Assigned task:
Taking the entries below, transcribe only the lines starting with the one with "리그 오브 레전드 ‘고" and going on through the one with "But let's face", exactly as written, without the pictures.

Data section:

- - -

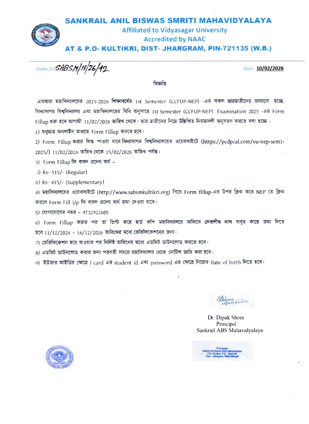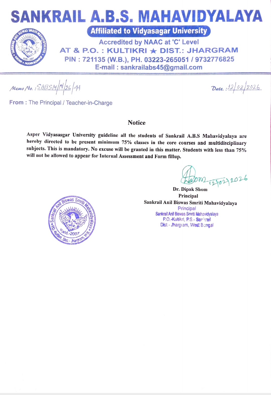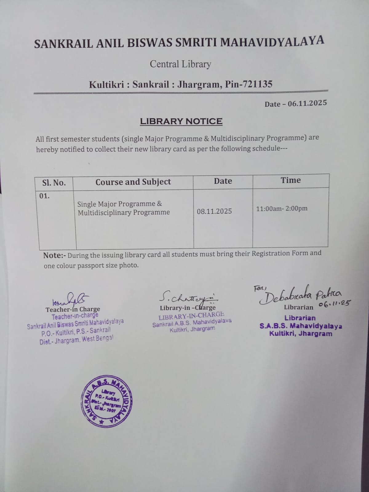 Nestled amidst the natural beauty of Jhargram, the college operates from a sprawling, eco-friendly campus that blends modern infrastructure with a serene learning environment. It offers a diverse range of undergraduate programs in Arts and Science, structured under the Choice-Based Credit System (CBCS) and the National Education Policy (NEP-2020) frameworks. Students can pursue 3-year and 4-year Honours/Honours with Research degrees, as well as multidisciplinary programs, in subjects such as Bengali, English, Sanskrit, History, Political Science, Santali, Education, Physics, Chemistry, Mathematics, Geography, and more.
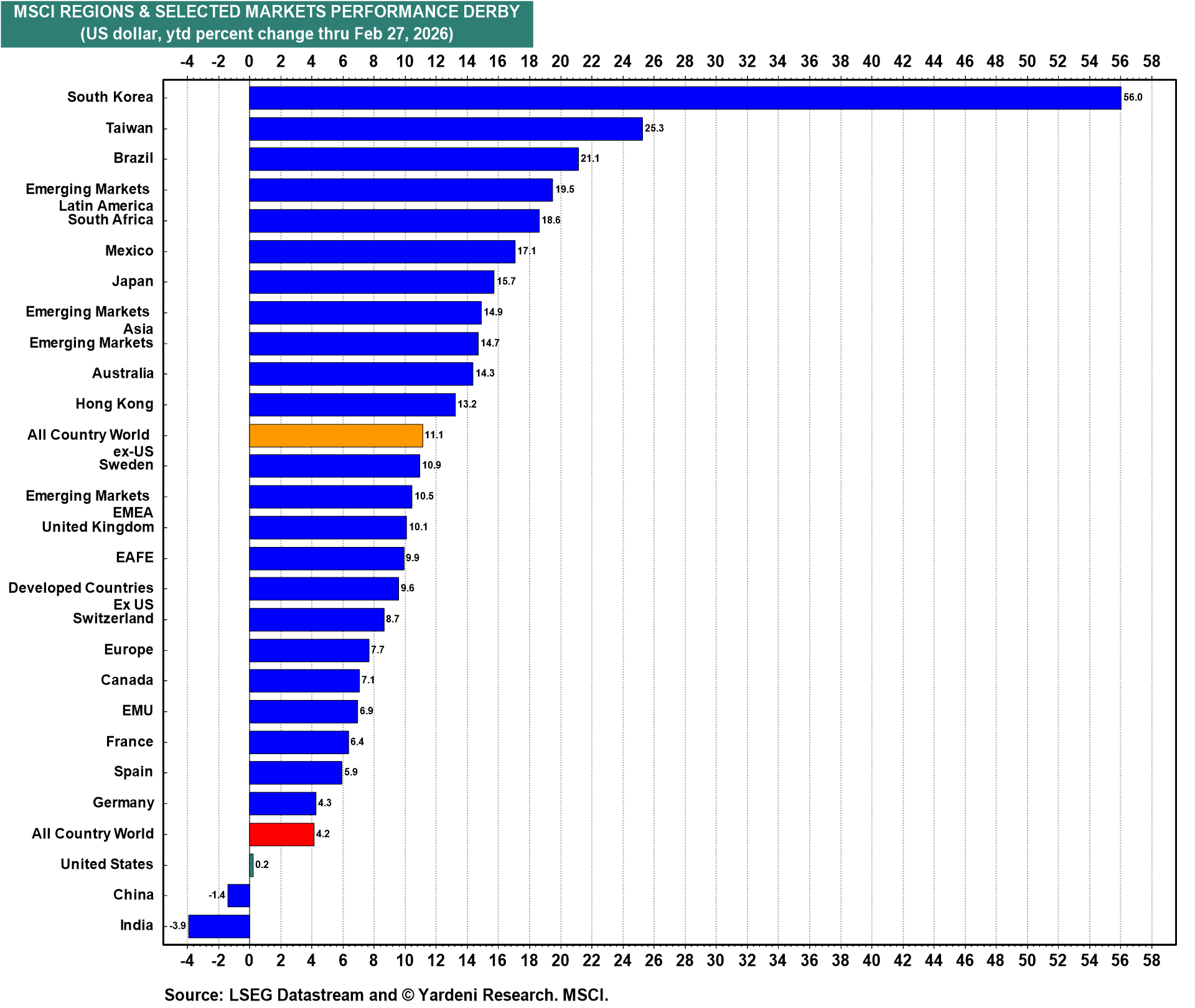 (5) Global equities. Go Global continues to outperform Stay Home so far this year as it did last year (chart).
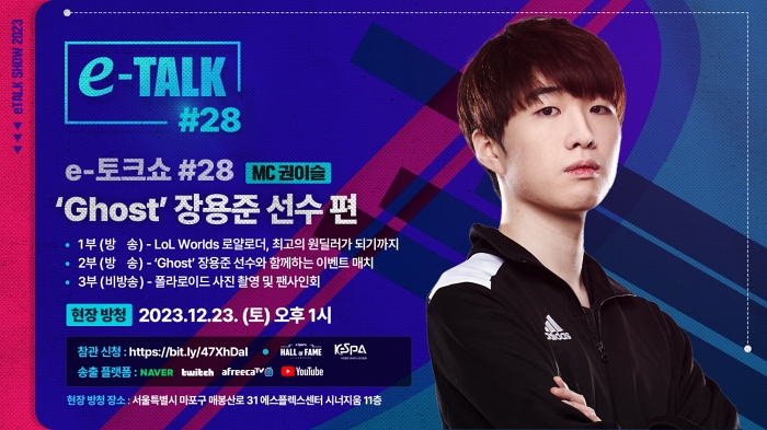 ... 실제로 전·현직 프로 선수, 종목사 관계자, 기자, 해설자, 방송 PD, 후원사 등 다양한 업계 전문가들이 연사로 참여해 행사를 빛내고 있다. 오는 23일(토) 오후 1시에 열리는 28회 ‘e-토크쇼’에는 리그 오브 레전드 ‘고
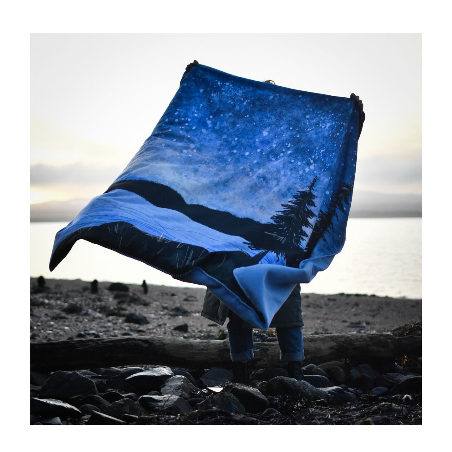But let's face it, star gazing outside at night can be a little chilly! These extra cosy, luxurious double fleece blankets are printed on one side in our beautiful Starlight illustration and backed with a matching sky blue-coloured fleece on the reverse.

- - -

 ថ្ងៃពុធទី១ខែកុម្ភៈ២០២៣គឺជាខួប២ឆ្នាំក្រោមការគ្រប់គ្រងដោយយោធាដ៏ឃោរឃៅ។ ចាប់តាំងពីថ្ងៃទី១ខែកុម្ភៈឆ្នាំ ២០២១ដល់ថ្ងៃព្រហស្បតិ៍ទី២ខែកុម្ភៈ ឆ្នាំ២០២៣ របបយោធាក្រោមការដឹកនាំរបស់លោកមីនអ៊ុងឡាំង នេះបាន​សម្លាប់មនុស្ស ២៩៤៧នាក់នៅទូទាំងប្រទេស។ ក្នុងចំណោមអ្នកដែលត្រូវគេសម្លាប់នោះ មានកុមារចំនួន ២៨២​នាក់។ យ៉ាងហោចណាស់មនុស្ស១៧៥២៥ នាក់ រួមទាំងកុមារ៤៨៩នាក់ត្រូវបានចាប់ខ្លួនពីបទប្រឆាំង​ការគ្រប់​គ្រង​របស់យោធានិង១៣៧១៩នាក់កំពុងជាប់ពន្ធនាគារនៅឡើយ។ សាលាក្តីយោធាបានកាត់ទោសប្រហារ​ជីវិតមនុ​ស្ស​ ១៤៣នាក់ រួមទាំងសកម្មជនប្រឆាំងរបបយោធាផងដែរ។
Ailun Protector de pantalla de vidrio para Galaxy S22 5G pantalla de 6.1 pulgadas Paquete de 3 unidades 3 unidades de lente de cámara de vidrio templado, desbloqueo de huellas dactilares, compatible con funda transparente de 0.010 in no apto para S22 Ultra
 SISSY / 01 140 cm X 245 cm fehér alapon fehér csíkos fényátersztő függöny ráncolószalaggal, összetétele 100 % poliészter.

- - -

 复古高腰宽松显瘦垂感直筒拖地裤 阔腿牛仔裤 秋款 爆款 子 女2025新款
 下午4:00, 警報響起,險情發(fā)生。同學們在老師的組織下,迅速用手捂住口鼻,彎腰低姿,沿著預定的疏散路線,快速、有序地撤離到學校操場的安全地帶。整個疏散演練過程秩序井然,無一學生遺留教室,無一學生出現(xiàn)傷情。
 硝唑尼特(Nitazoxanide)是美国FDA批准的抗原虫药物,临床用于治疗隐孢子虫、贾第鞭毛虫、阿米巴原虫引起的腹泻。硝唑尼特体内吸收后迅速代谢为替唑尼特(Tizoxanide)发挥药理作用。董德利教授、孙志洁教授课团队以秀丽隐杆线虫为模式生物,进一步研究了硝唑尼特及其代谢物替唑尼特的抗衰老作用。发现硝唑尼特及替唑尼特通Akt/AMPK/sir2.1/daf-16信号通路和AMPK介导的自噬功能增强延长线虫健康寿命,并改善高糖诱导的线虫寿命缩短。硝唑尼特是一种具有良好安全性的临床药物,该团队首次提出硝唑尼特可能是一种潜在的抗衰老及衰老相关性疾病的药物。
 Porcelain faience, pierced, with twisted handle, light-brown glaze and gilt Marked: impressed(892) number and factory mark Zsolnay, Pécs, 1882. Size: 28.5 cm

- - -

Answer to this task:
 ... 실제로 전·현직 프로 선수, 종목사 관계자, 기자, 해설자, 방송 PD, 후원사 등 다양한 업계 전문가들이 연사로 참여해 행사를 빛내고 있다. 오는 23일(토) 오후 1시에 열리는 28회 ‘e-토크쇼’에는 리그 오브 레전드 ‘고
But let's face it, star gazing outside at night can be a little chilly! These extra cosy, luxurious double fleece blankets are printed on one side in our beautiful Starlight illustration and backed with a matching sky blue-coloured fleece on the reverse.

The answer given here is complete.